# Suppose that we have just been employed as a data scientist to help improve online customer support at a leading airline company. In our first meeting, we have been tasked with providing a summary of the online support required on the Twitter social media platform. The manager of the help desk support team in particular would like a summary of main Twitter topics that would require a reply via Twitter. Even though tweets are short in length, the dataset would be very big and difficult to manually read! You require a Natural Language Processing (NLP) technique that can help you meet the deadline and that can be done using topic modelling.

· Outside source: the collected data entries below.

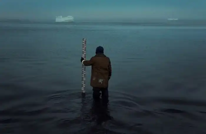 Короткий, стоя по колено в воде, замеряет уровень Баренцева моря.
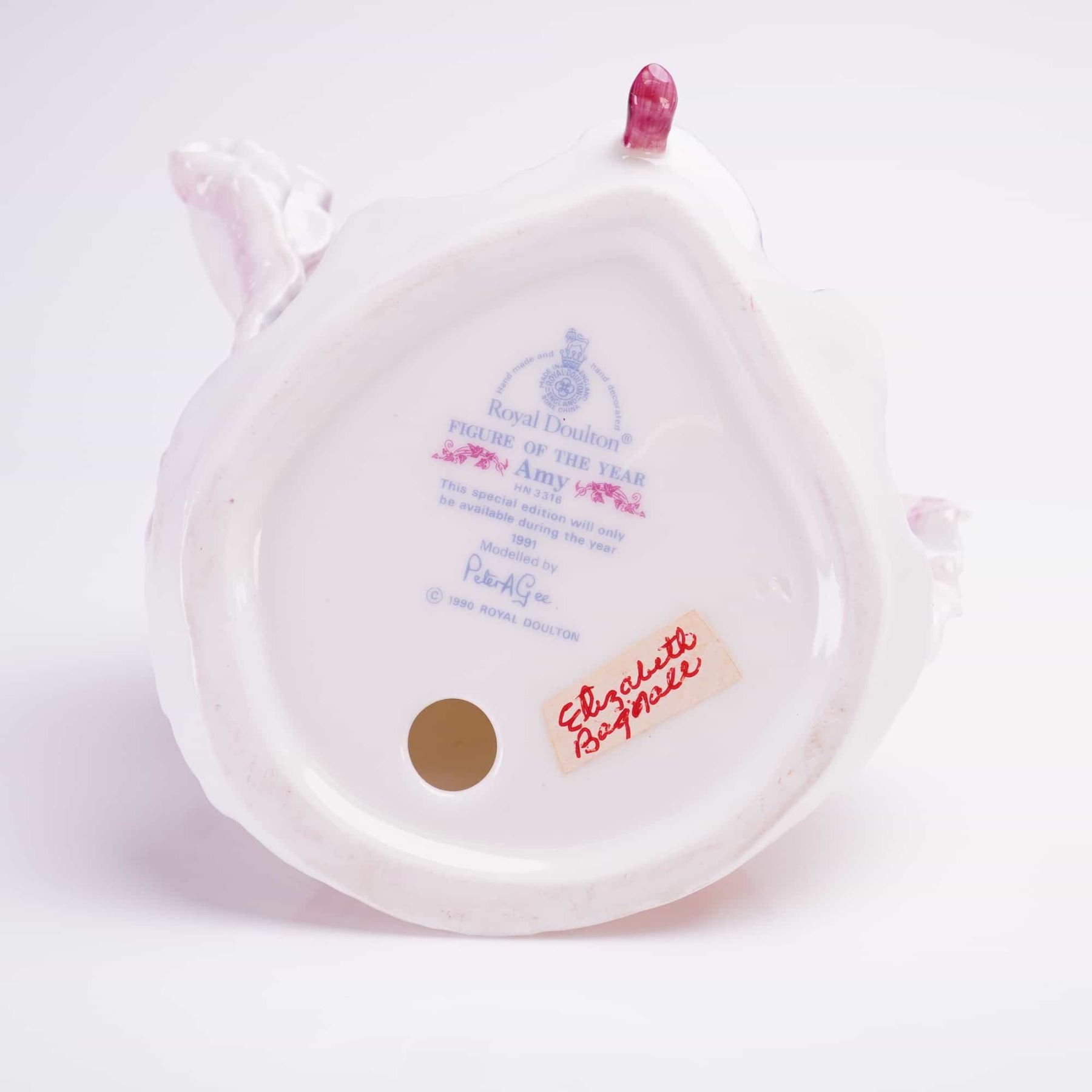 A Royal Doulton bone china figurine titled Amy, model number HN3316, issued as the Figure of the Year for 1991. This hand-made and hand-decorated piece was modeled by Peter A. Gee. The figure is depicted in a full-skirted gown of blue and shaded red with white accents, holding a small fan and lifting her hem. The underside features the official Royal Doulton backstamp, the figure name, and model number. A printed inscription indicates that this special edition was only available during the year 1991. The base also includes the modeled by Peter A. Gee signature and a 1990 copyright date. A handwritten adhesive label is attached to the underside. The figurine retains its original paper hangtag.
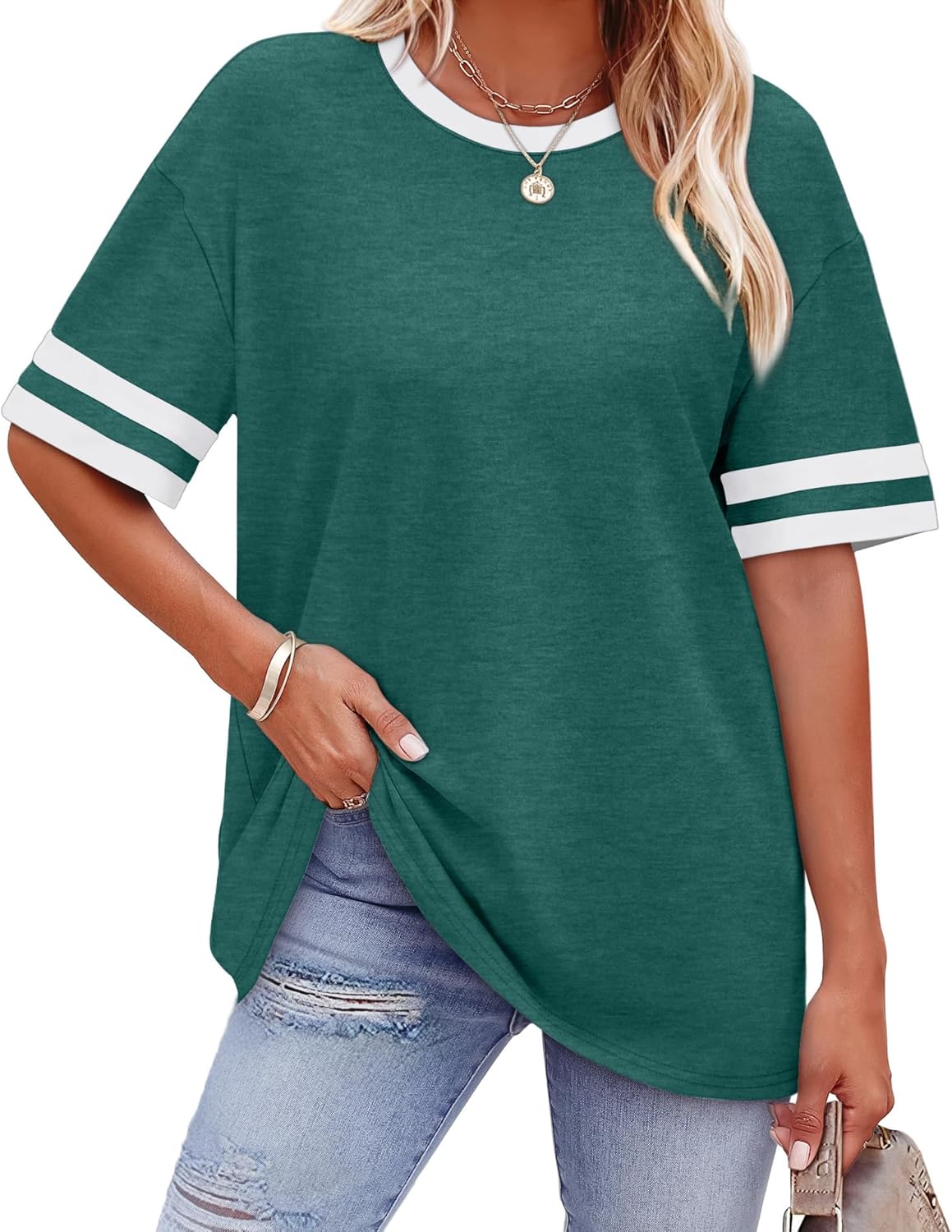 WIHOLL Womens T Shirts Loose Fit Short Sleeve Tees Crew Neck Color Block Summer Tops 2026 Fashion
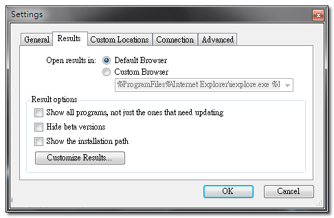▼ Results 可對(duì)掃描結(jié)果作設(shè)定,例如你不想用預(yù)設(shè)瀏覽器開(kāi)啟掃描結(jié)果,那么可以自訂瀏覽器;或是顯示所有軟件項(xiàng)目(不局限于是否更新)、隱藏 Beta 的更新項(xiàng)目..等。
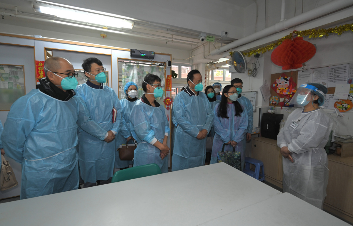 專家組在勞工及福利局常任秘書長劉焱及勞福局、食衞局、社署和醫管局代表陪同下,先後前往兩間分別位於大角咀和黃大仙的安老院舍視察。專家組聽取安老院舍負責人介紹其應對第五波疫情的情況,包括院友和員工接種疫苗的安排、安老院舍的預防感染措施,以及特區政府在疫情期間向安老院舍提供的各項支援等。
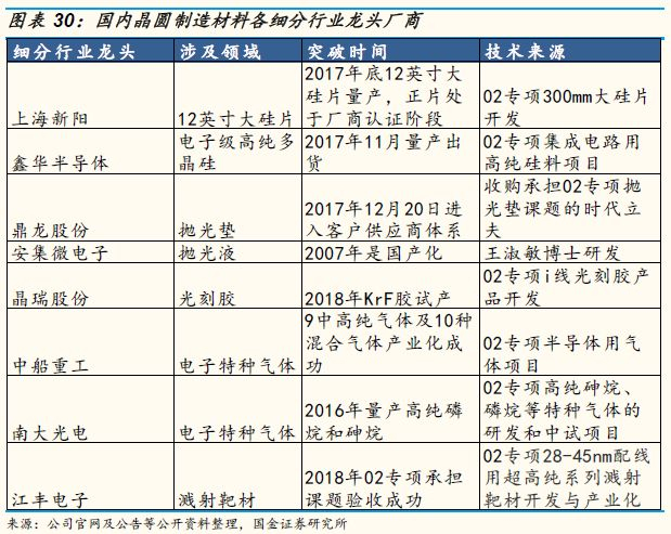 由于半导体材料作为支撑整个产业做大做强的基础,国家在“十二五”02科技重大专项即极大规模集成电路制造装备与成套工艺专项中对于半导体材料国产化进行了提前布局,近两年各类半导体材料实现了技术突破的第一步。国产大硅片龙头新昇半导体在2017年底实现300mm(12英寸)大硅片量产发货,溅射靶材龙头江丰电子已经在在16纳米技术节点实现批量供货,同时还满足了国内厂商28纳米技术节点的量产需求,鼎龙股份收购了国内唯一一家掌握抛光垫大规模生产能力的企业时代立夫后,现在抛光垫已经在2017年底进入客户认证阶段。在技术壁垒极高的光刻胶领域,北京科华得到02专项的资助后,预计在2020年可以实现主流的193nmArF光刻胶的全面量产。实现技术突破之后,国内晶圆厂的快速发展为这些企业提供了很好的发展机遇,未来行业优质标的值得关注。
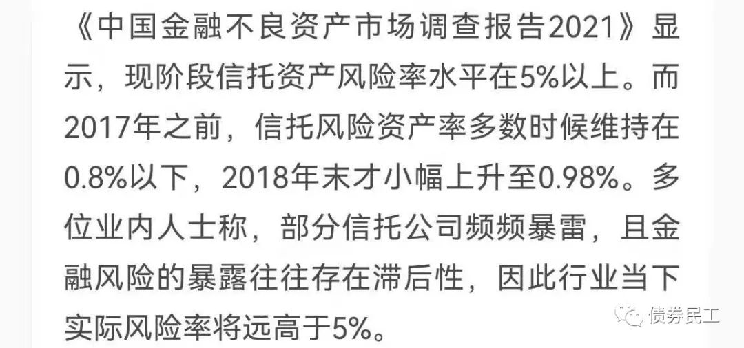 不只是融資類信托產(chǎn)品的規(guī)模在下降,信托資產(chǎn)風險率水平也在提高。根據(jù)《中國金融不良資產(chǎn)市場調(diào)查情況報告》的統(tǒng)計數(shù)據(jù),2017年之前信托資產(chǎn)風險率維持在0.8%以內(nèi),但是現(xiàn)在信托行業(yè)的實際風險率將遠高于5%。
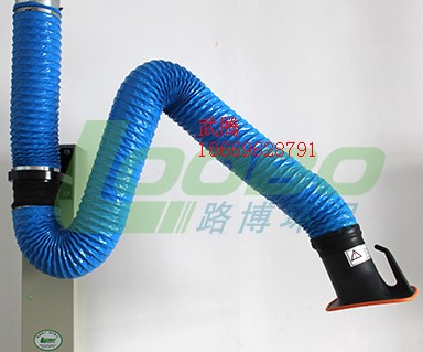 路博LB-JYB柔性吸气臂外皮采用耐酸碱耐140摄氏度高温进口PVC软管,内部构件及罩口托架均采用不锈钢材料,可360度任意悬停,带吸口风量调节阀。
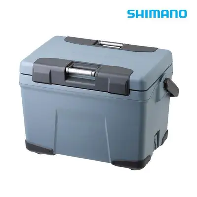시마노 바실랜드 쿨러 PRO 40리터 앤빌그레이. 최대 얼음 유지 기간 312시간, 레버 강화 구조, 좌우 듀얼 오픈 및 분리형 뚜껑, 원 액션 물빼기 적용.
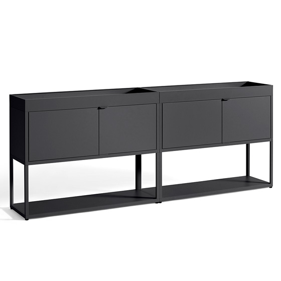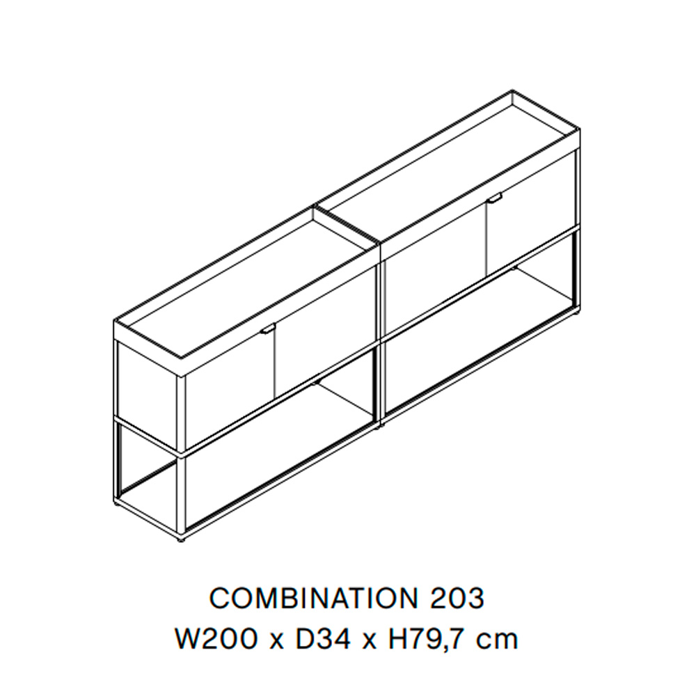 Su construcción simple con rejilla abierta actúa como una estructura flexible y práctica que permite al usuario elegir soluciones de almacenamiento prediseñadas según sus necesidades concretas.
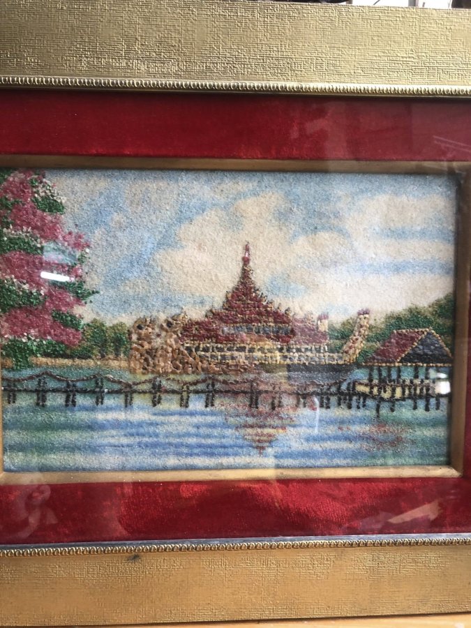 TRANH ĐÁ QUÝ/CÁT: BIỂU TƯỢNG THUYỀN RỒNG KARAWEIK (MYANMAR) (Hàng sưu tầm – Khung cổ điển
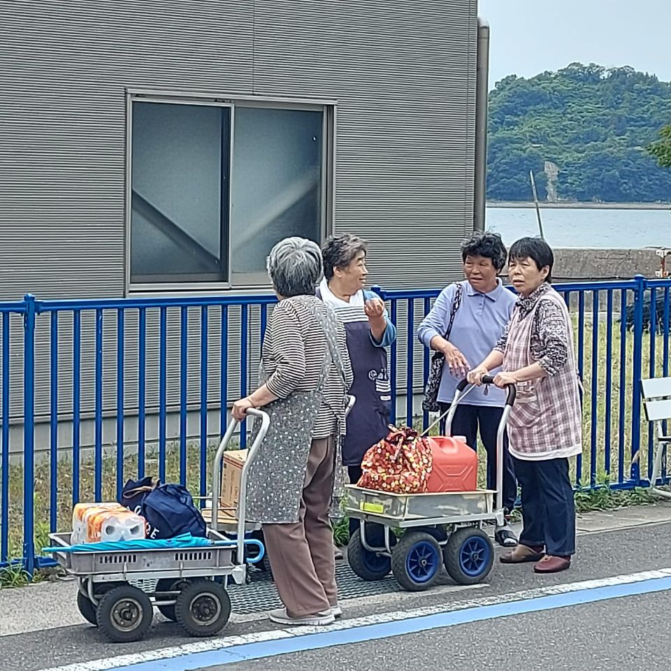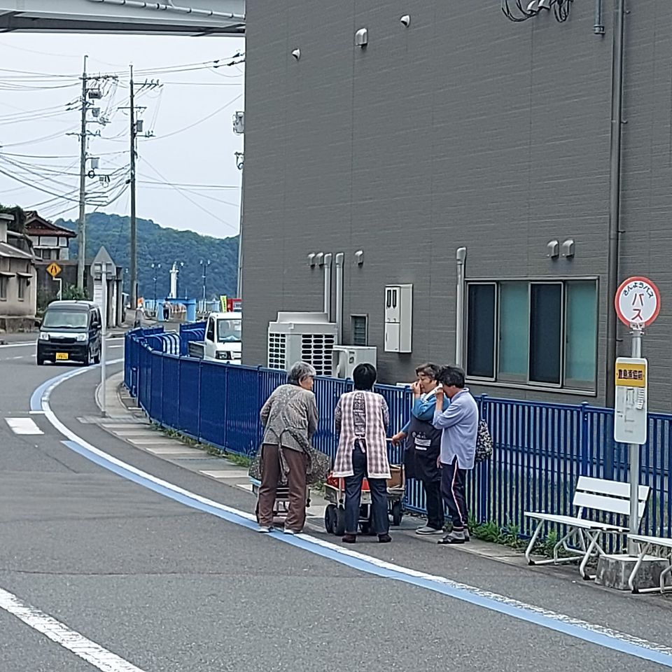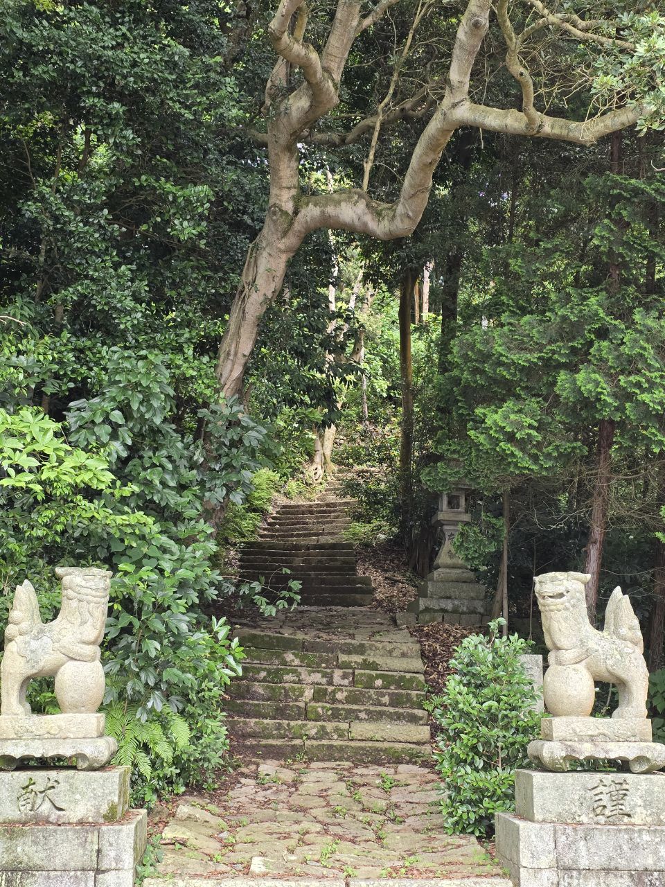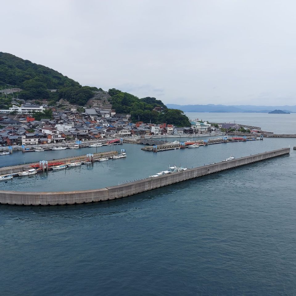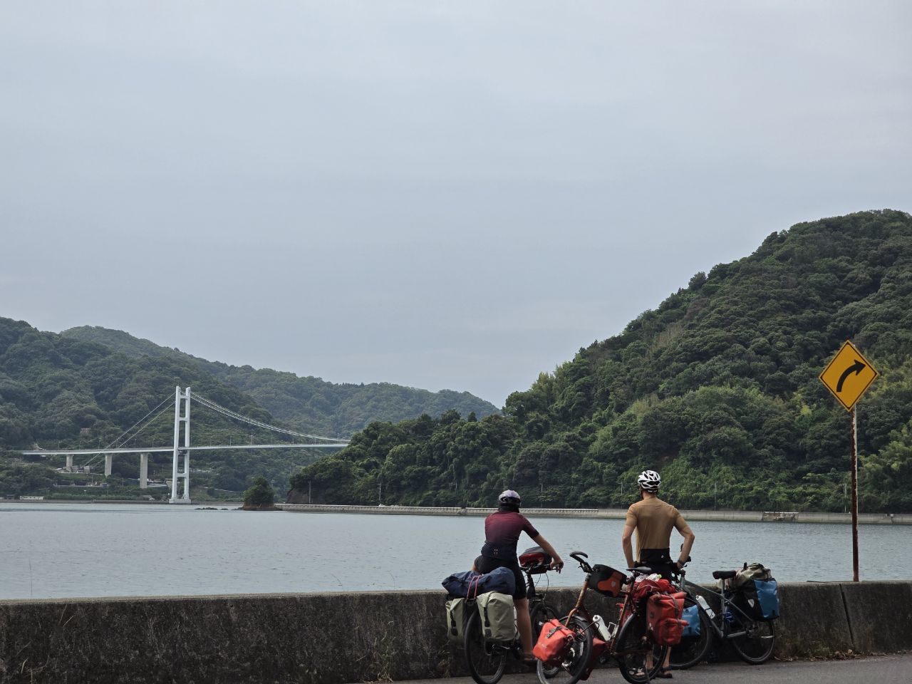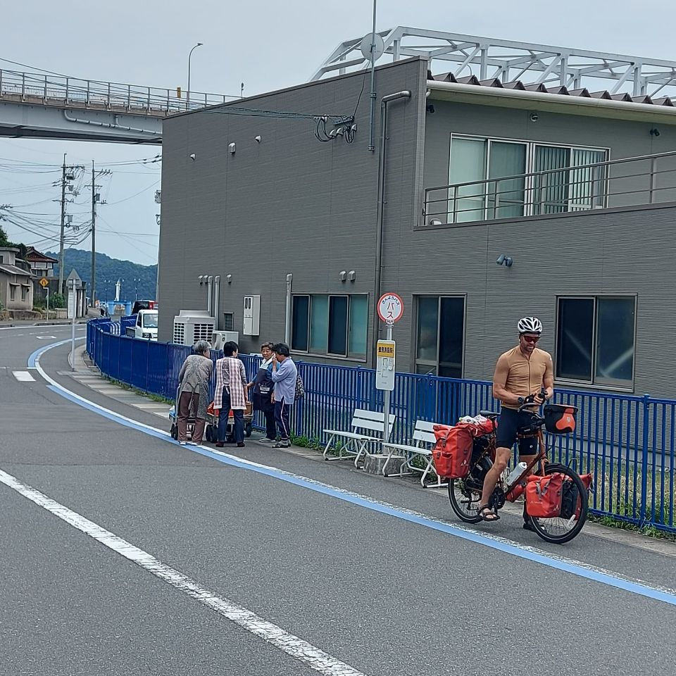 Après une nuit répratrice sur les confortables futons de la maison d'Hihoshi, nous sommes en pleine forme pour reprendre la route! Nous longeons la côte, les routes sont peu fréquentées, des temples surgissent au détour d'une ruelle et les villages de pêcheurs sont magnifiques. Dans l'un d'eux, nous repérons une supérette prise d'assaut, à cette heure matinale, par les petits vieux du quartier. Une trop belle opportunité de faire une pause dans ce petit supermarket qui prend des allures d'EPHAD (EMS pour nos lecteurs Suisses!) et dans lequel nous suscitons la curiosité. Les petites mamies y font leurs courses en poussant une sorte de chariot surmonté d'une caisse ou d'un sac cabas pour mettre les victuailles. Un déambulateur à la Japonaise! La vie sociale des personnes âgées est très développée sur ces îles. Nous les croisons souvent en groupe qui jouent au crocket, boivent le thé ou papotent sur des bancs publics. En fin de matinée nous prenons un petit bateau pour l'île d'Omishima, la plus grande des 10 îles que nous traversons. Juste avant d'arriver au port, je manque de peu de rouler sur un grand serpent! Cris, coup de guidon pour l'éviter, levé de jambes réflexe....le serpent , qui a eu aussi peur que moi je pense, se faufile dans les fourrés mais je n'en mène pas large!!! A l'arrivée sur Omishima, nous repérons un petit café/restaurant qui sera parfait pour la pause de midi. Le couple qui nous accueille est adorable. Tout ici est sur le thème du cochon: boite a mouchoirs, barrette dans les cheveux de la patronne, figurines.... Nous nous régalons donc tout naturellement d'un steak de porc a la sauce soja tout simplement délicieux! Au moment de partir, le couple nous remercie de nous être arrêté dans leur restaurant, propose de remplir nos gourdes et nous donne pleins de conseils pour la suite de l'itinéraire. Ces rencontres simples mais riches sont magiques et nous font instantanément oublier toute la difficulté, la souffrance pour nous remplir de gratitude et de bonheur! Elles sont le ciment du voyage! En fin de journée, nous posons la tente entre 2 palmiers face à la mer et face à une "ferme des dauphins". Il n'y a en fait qu'un dauphin, Sanjo, qui tourne en rond dans une espèce d'aquarium en pleine mer. Il semble cômater la plupart du temps attendant les touristes qui paient une fortune pour le toucher ou nager avec lui. Il nous fait de la peine et nous ne pouvons pas nous empêcher d'échaffauder des plans pour le libérer! Vers 20h, alors que le temps devait se maintenir pour les 2 prochains jours, il se met à pleuvoir....nous nous réfugions dans la tente et nous endormons sous le bruit apaisant des gouttes qui tombent sur la toile!

# There are several topic modelling algorithms that can be used to perform assignment of different topics and their weightages to the documents (in this case each individual tweet is a document), called topic vector of each document or semantic vector of each document whose dimensionality will be equal to the number of topics which you want to assign to each document. We will be using different topic modelling algorithms on different datasets to convert tweets to semantic or topic vectors, such as NMF (Non Negative Matrix Factorization), LDA (Latent Dirichilet Allocation) and BERT (Bidirectional Encoder Representations from Transformers). 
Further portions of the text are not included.